C’est pour cela par exemple que les centre-villes de communes de taille moyenne ont vu se multiplier des détaillants spécialisés (comme les magasins bio), des agences franchisées (assurances, immobilier…) et des boutiques d’opticiens. Dans le domaine de l’optique, se démarquer de la concurrence peut passer par une approche humaine du travail, comme le proposent les coopératives mutualistes. C’est le cas d’Optic 2000 par exemple. Cette coopérative s’appuie sur un maillage intense du territoire, avec 1200 points de vente. Disposer d’une telle implantation territoriale permet aussi de « sentir » le pouls du public et d’anticiper ou d’accompagner les modes, en temps réel. Pendant longtemps, le critère de choix nº1 a été le prix dans le bras de fer entre grande distribution, Internet et commerce de proximité. Mais de plus en plus, les consommateurs français complètent leurs achats sur Internet par davantage d’achats en boutique.
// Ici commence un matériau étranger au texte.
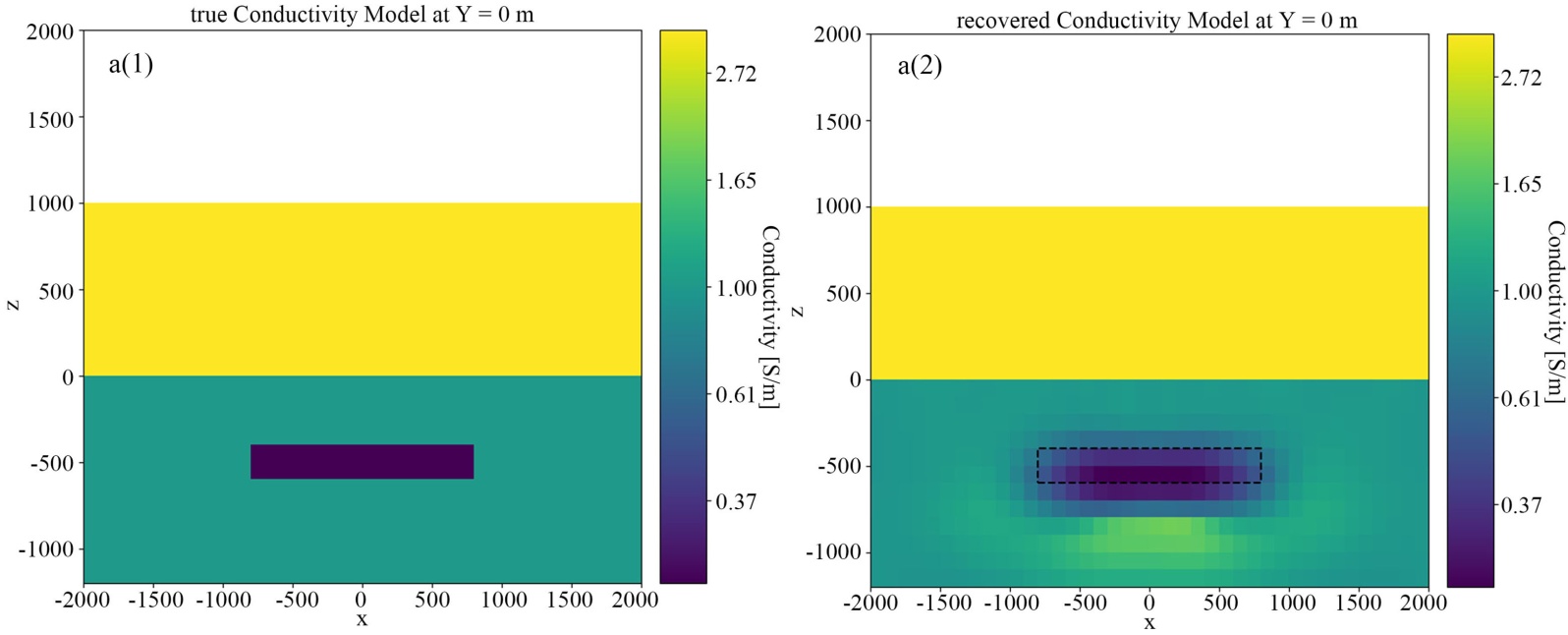 图中对比了真实模型与添加5%高斯噪声后的反演结果在Y = 0 m的垂直剖面以及Z = −300 m和Z = −700 m水平切片上的电性分布特征。整体而言,反演结果能够较好地恢复低电导率异常体的空间位置,表明反演方法在异常体空间位置重构方面具有一定有效性。在异常体电导率和边界刻画方面,反演结果仍与真实模型存在差异。在垂直剖面(Y = 0 m)上,反演能够识别异常体的埋深及横向分布,但较深的异常体电导率恢复明显减弱,边界呈现平滑扩散特征,并在异常体下方局部区域产生高电导率伪异常,反映出垂向分辨率随深度增加而降低。异常体区域电阻率值的平均相对误差为56.2% (较浅异常体区域电阻率值的平均相对误差为50.0%,较深异常体区域电阻率值的平均相对误差为62.4%),定量评价进一步说明反演在深部异常体幅值恢复上存在更大偏差。综合分析认为,该反演结果在异常体定位方面具有一定可靠性,但对深部异常体电性幅值及精细结构的分辨能力仍然不足,这体现了三维海洋电磁反演在有限观测条件下的固有分辨率限制。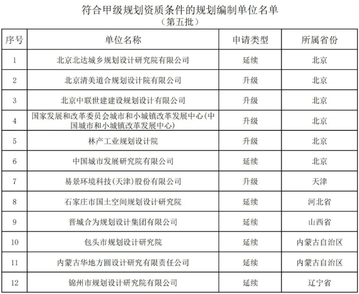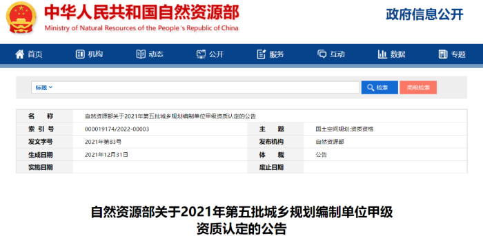 自然资源部关于2021年第五批城乡规划编制单位甲级资质认定的公告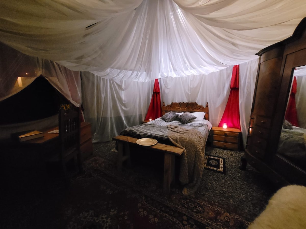 La Carpa Medieval Aragorn es una tienda de 5 m de diámetro, inspirada en antiguos refugios de guerreros, ideal para desconectarse y vivir una experiencia única en la naturaleza. Cuenta con cama doble de madera tallada, armario y escritorio; se puede añadir cama auxiliar para hasta 3 personas. Dispone de baño seco compartido, ducha con agua caliente (se calienta a través de tubos de cobre, luz solar. Rodeada de paisajes mágicos, a 10 min de Monguí.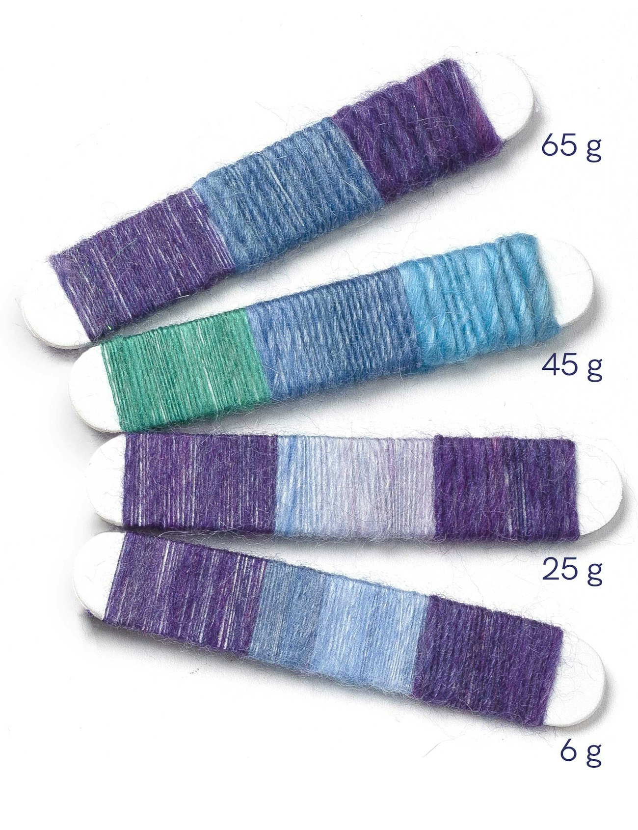 Each sample shows the thinnest, easiest, and thickest yarn to spin on each spindle from 65 g (top) to 6 g (bottom).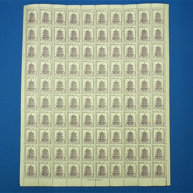| 買取商品 | 第2次新昭和 法隆寺五重塔 30銭 100枚シート 右書き のりつき |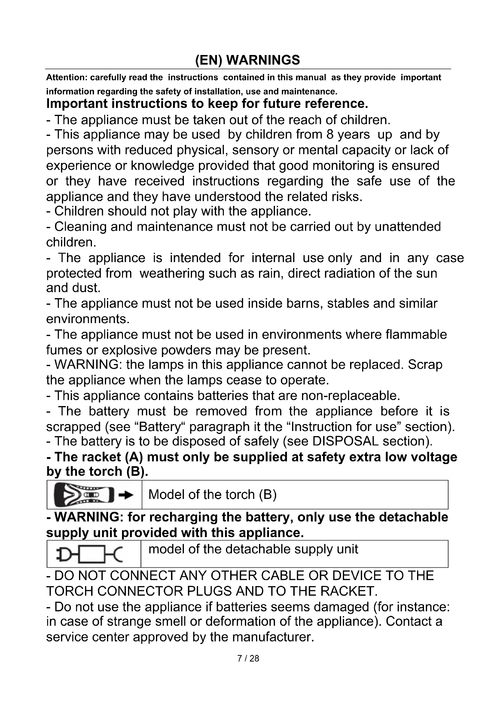 model of the detachable supply unit - DO NOT CONNECT ANY OTHER CABLE OR DEVICE TO THE TORCH CONNECTOR PLUGS AND TO THE RACKET. - Do not use the appliance if batteries seems damaged (for instance: in case of strange smell or deformation of the appliance). Contact a service center approved by the manufacturer.8 / 28 - DO NOT PUT ANY METALLIC OBJECTS OR PARTS OF THE BODY (f.i. fingers, hair etc.) THROUGH THE GRIDS.

Ce retour des acheteurs en boutique est aussi synonyme d’une toute nouvelle expérience client. Restons chez Optic 2000 qui a, par exemple, massivement investi dans ses boutiques connectées. Didier Papaz, président de cette chaîne d’opticiens et également président de l’école de commerce ESC Troyes, défend l’idée que le « commerce associé » – dont sa chaîne est membre – appartient au secteur de l’ESS (économie sociale et solidaire). «Les coopératives de commerçants représentent 29% de parts de marché de la distribution, affirme le PDG. Cela représente 30000 chefs d’entreprises appartenant à l’économie sociale et solidaire, particulièrement impliquées dans le tissu local. Nous avons pour mission de soutenir l’emploi en France. Nos ennemis sont les fonds de pension, dont les profits ne sont pas localisés en France ». A grande échelle, la bataille pour la réputation fait rage ; à une plus petite, le rôle de conseil et les prestations sur-mesure font de plus en plus la différence. Aujourd’hui, Internet se met au service des commerces de proximité. Un modèle également synonyme de concurrence, et donc de la bonne santé du portefeuille du consommateur.